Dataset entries
※ ※ ※

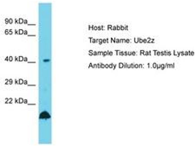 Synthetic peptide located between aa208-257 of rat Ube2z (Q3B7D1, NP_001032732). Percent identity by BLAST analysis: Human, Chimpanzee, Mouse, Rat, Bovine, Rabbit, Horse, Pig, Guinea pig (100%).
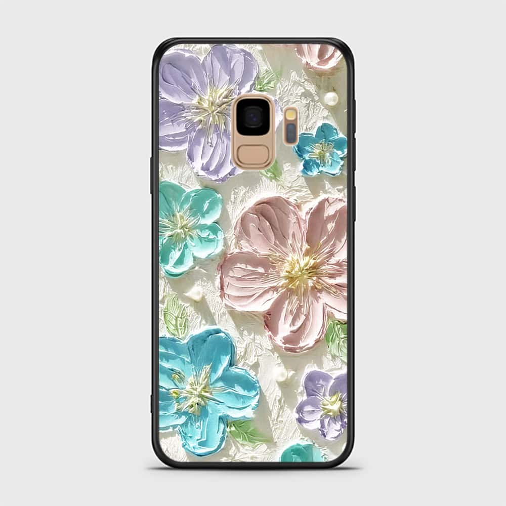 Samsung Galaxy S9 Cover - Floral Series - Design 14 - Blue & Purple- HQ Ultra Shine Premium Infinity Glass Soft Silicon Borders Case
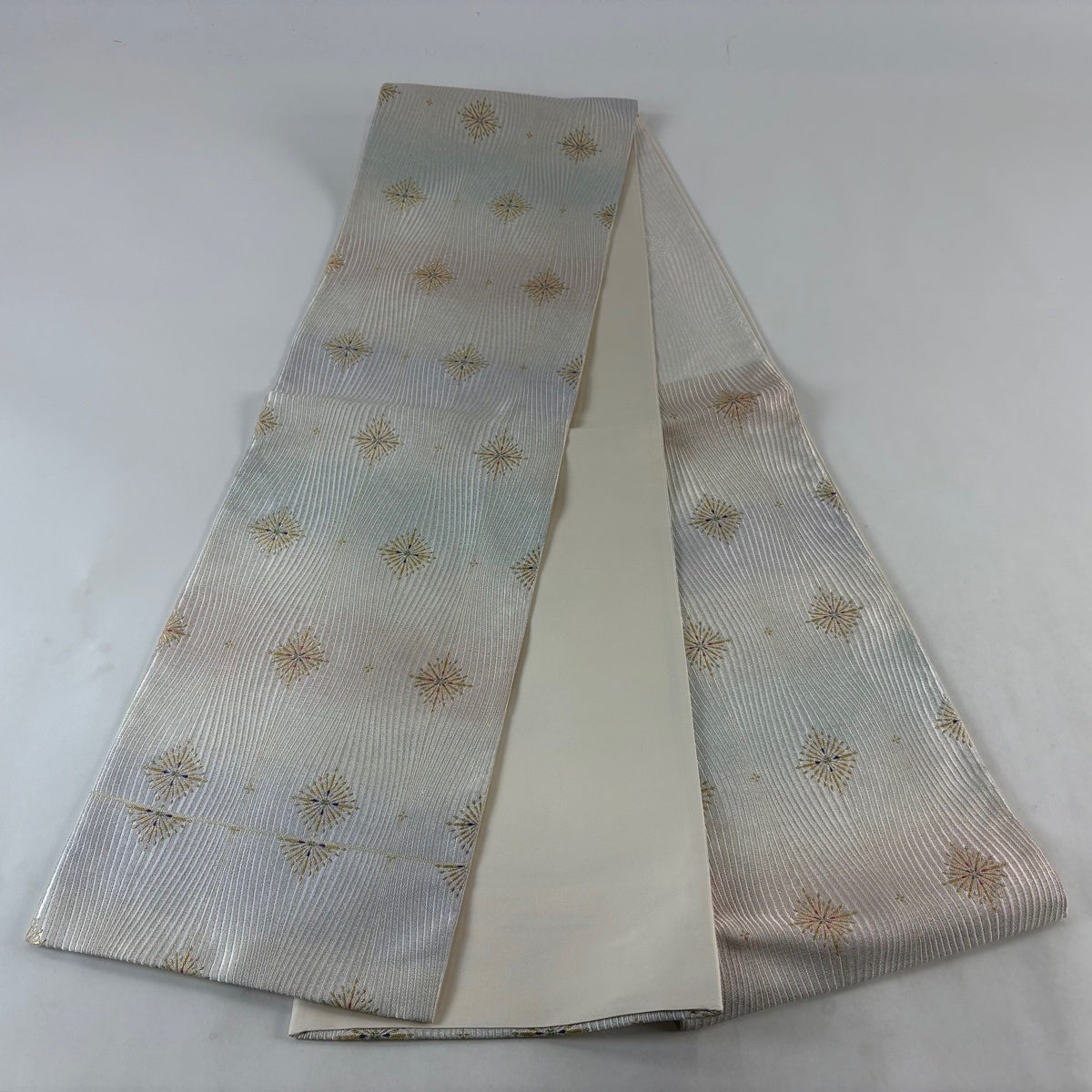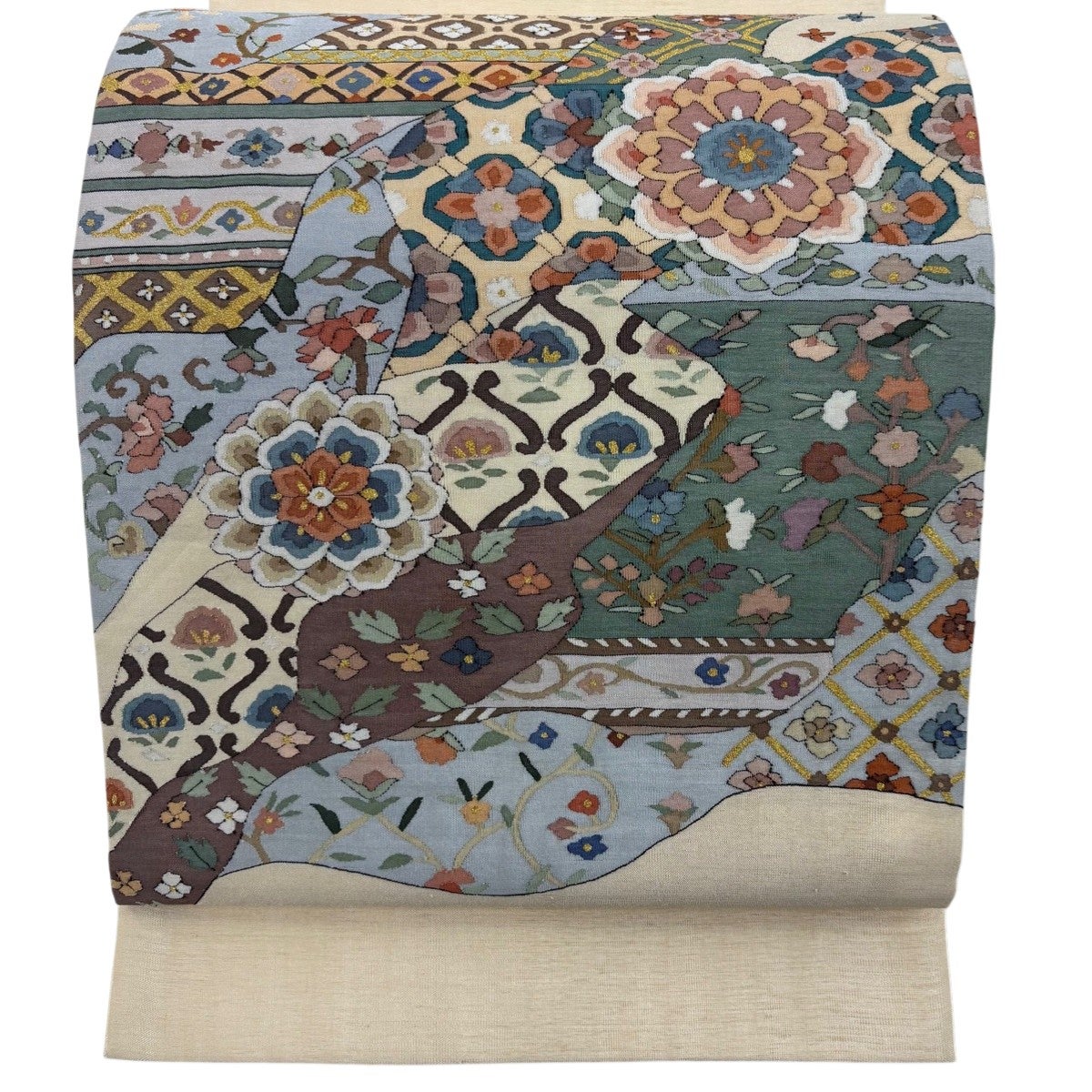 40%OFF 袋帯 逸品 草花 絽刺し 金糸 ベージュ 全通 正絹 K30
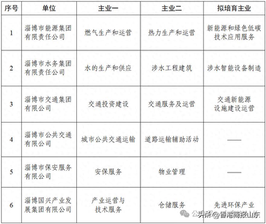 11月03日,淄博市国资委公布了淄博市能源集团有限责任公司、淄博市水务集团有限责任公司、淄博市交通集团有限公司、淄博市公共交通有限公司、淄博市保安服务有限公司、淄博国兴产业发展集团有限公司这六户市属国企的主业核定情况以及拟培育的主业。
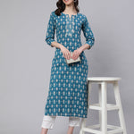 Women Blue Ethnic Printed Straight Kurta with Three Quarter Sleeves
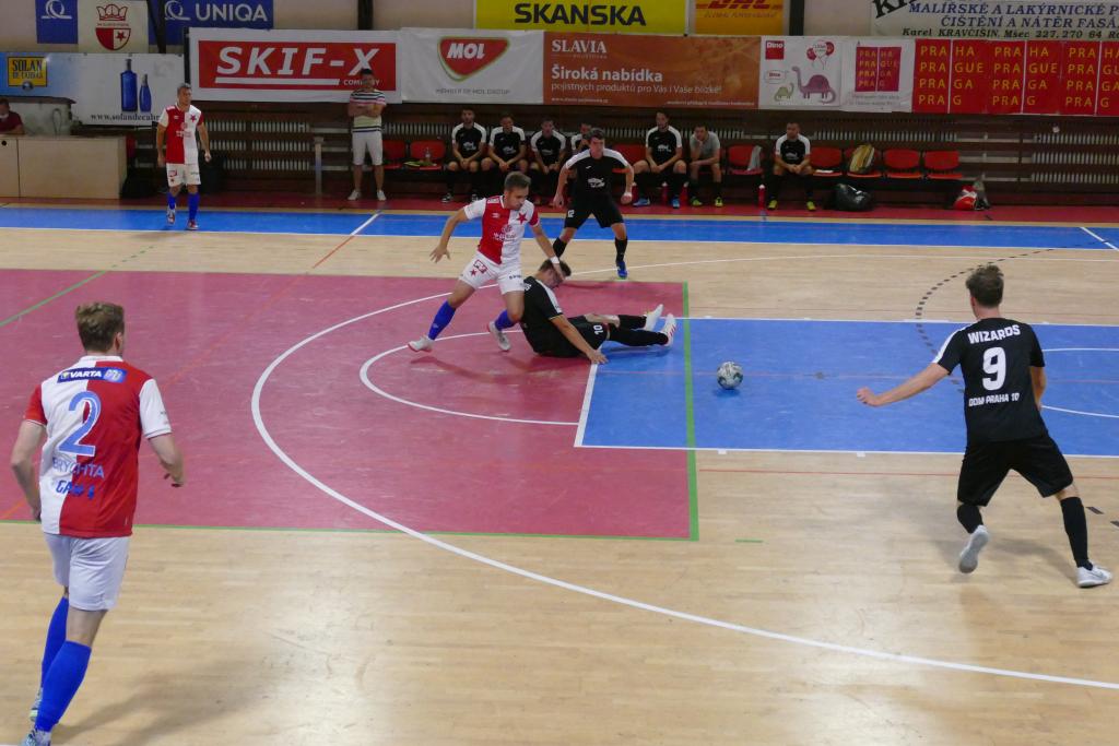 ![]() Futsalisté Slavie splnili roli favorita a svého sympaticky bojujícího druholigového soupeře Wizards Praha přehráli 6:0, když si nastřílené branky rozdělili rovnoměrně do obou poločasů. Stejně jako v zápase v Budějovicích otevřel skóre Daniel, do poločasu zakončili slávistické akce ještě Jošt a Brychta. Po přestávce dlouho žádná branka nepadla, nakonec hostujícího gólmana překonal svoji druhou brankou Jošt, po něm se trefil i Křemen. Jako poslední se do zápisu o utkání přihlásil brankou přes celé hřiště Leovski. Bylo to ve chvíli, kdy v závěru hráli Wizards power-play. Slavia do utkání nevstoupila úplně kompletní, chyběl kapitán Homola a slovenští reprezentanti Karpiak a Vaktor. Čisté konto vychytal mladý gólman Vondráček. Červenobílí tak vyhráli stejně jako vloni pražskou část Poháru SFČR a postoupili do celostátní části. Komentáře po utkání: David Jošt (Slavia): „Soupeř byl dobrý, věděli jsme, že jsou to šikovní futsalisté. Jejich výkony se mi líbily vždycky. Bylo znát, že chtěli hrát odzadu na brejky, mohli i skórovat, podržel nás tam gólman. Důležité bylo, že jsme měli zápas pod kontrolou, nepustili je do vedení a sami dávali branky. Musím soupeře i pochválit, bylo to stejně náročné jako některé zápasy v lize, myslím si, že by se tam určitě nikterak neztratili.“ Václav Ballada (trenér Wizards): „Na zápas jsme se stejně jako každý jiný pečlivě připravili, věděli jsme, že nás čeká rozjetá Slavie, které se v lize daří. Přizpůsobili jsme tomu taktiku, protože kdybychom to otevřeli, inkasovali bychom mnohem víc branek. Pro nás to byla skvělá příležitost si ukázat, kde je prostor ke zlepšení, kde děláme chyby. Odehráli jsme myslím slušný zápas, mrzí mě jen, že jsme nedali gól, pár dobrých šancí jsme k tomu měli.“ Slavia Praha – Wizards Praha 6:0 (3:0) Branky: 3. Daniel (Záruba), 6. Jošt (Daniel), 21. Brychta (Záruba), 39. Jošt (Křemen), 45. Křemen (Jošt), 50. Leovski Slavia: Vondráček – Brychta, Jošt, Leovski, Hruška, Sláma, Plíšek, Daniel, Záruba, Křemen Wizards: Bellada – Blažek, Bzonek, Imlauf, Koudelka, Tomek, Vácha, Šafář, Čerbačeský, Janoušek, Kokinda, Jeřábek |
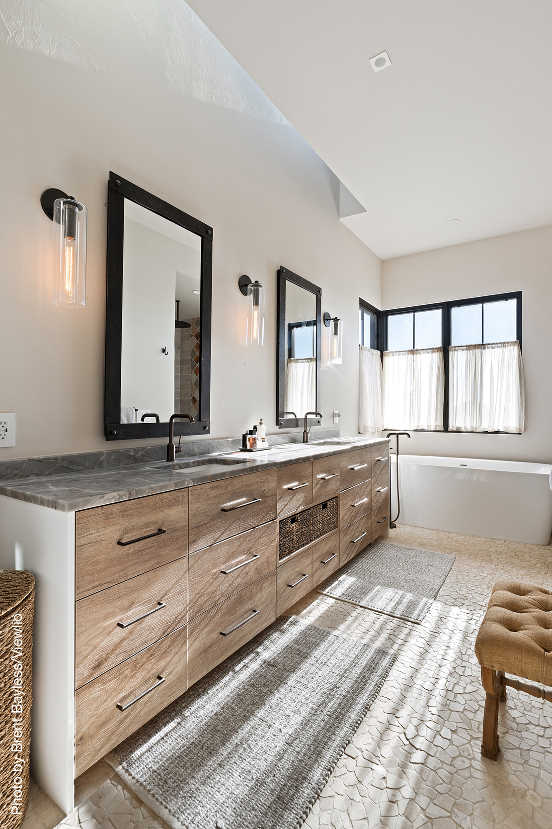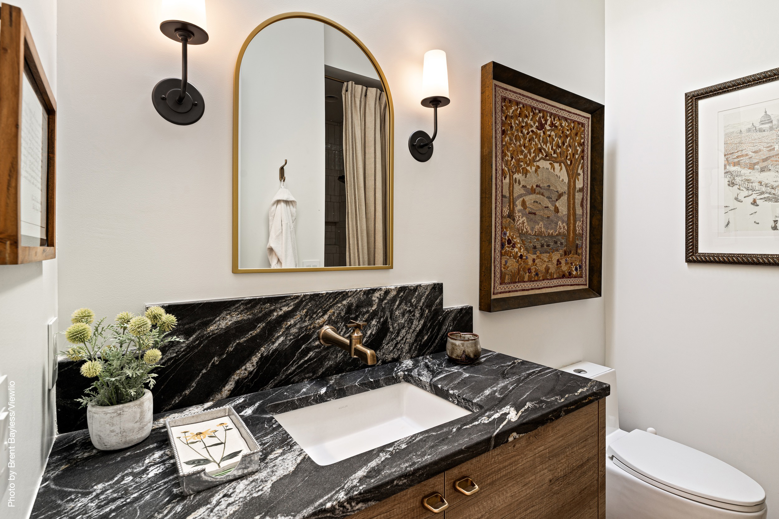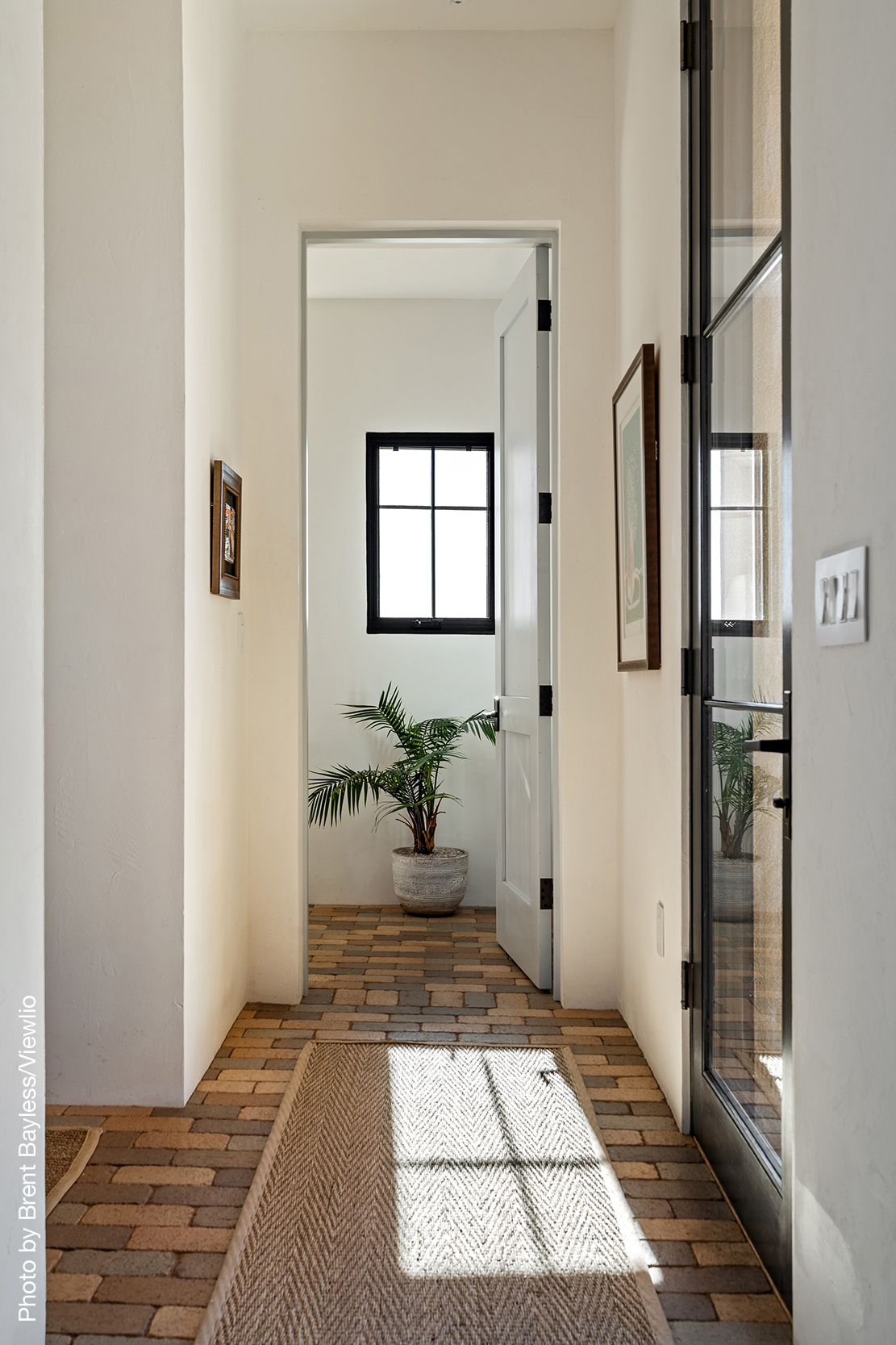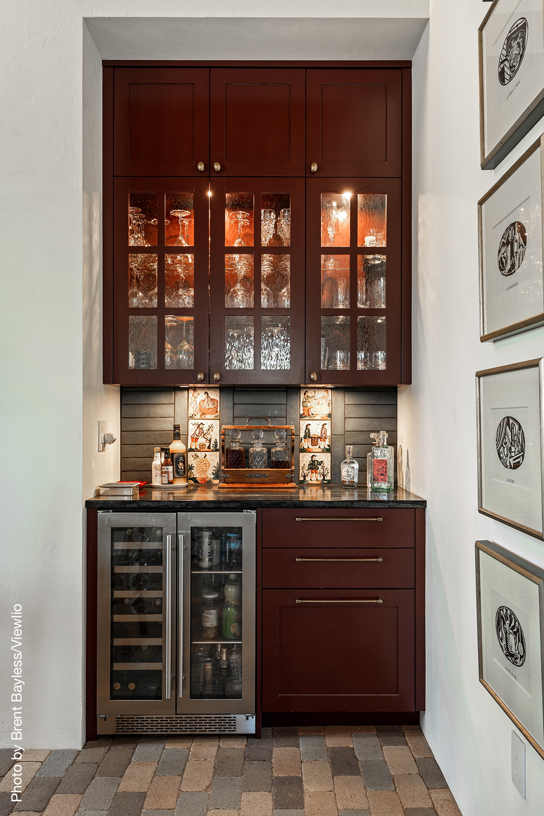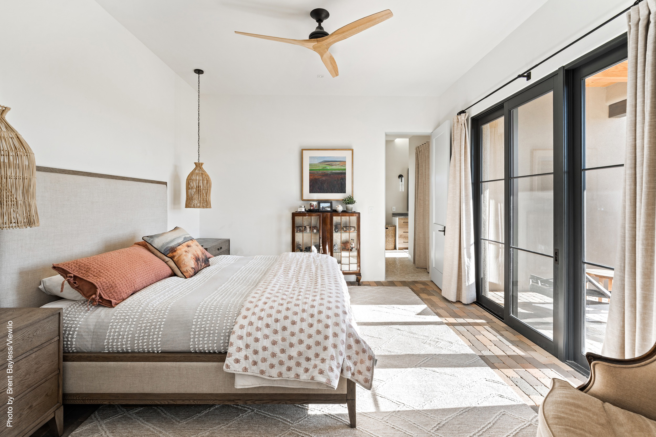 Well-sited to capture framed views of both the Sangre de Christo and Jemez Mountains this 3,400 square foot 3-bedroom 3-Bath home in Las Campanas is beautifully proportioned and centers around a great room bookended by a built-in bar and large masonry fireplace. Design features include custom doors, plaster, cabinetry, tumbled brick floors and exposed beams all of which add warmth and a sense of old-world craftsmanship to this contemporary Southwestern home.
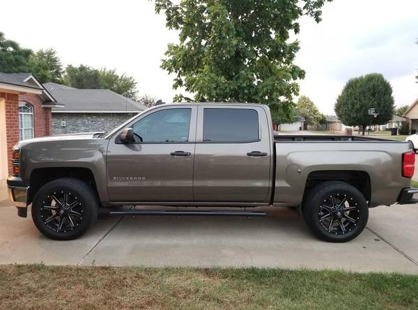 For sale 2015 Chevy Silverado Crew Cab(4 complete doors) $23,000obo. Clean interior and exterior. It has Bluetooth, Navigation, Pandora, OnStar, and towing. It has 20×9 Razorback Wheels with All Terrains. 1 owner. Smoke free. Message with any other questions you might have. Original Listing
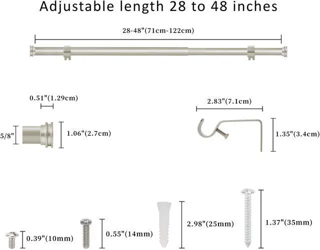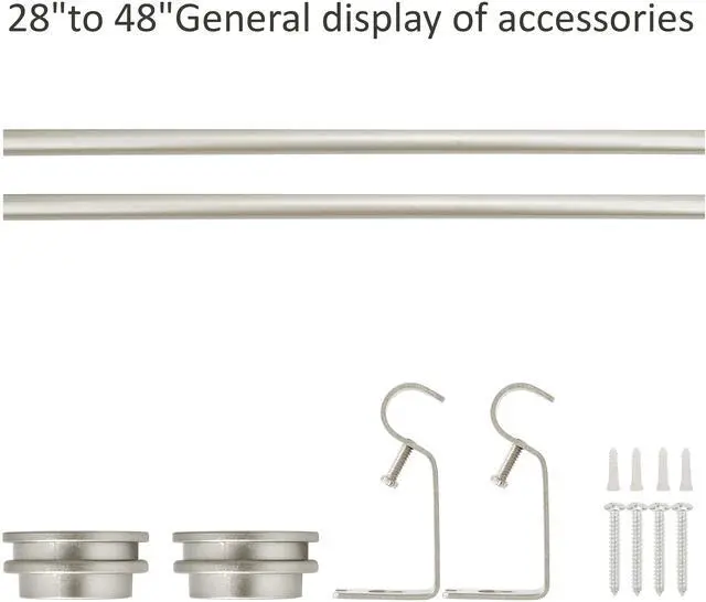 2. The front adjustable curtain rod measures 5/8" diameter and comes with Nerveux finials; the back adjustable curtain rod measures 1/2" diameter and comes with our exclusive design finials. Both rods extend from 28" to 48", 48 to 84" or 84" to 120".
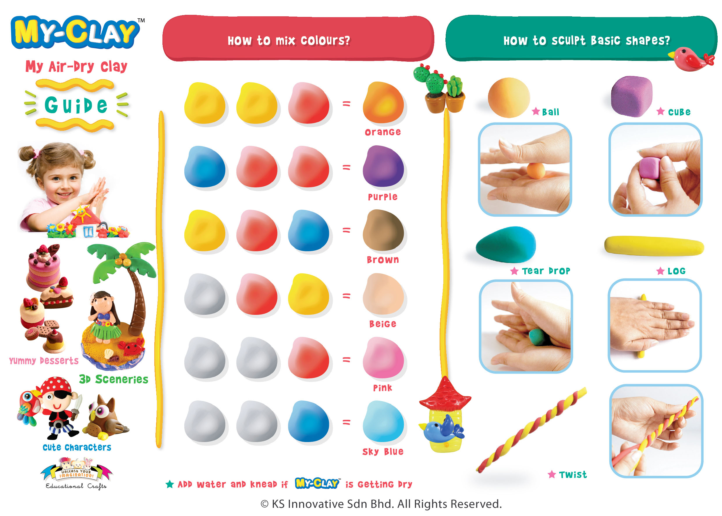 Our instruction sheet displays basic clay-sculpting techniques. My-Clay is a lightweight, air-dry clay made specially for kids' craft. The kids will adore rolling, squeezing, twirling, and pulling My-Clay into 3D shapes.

※ ※ ※

** TO DO **
Copy out nothing but the lines from the beginning of the records through the one that contains "Women Blue Ethnic". Skip the pictures.

** TASK SOLUTION **
 Synthetic peptide located between aa208-257 of rat Ube2z (Q3B7D1, NP_001032732). Percent identity by BLAST analysis: Human, Chimpanzee, Mouse, Rat, Bovine, Rabbit, Horse, Pig, Guinea pig (100%).
 Samsung Galaxy S9 Cover - Floral Series - Design 14 - Blue & Purple- HQ Ultra Shine Premium Infinity Glass Soft Silicon Borders Case
 40%OFF 袋帯 逸品 草花 絽刺し 金糸 ベージュ 全通 正絹 K30
 11月03日,淄博市国资委公布了淄博市能源集团有限责任公司、淄博市水务集团有限责任公司、淄博市交通集团有限公司、淄博市公共交通有限公司、淄博市保安服务有限公司、淄博国兴产业发展集团有限公司这六户市属国企的主业核定情况以及拟培育的主业。
 Women Blue Ethnic Printed Straight Kurta with Three Quarter Sleeves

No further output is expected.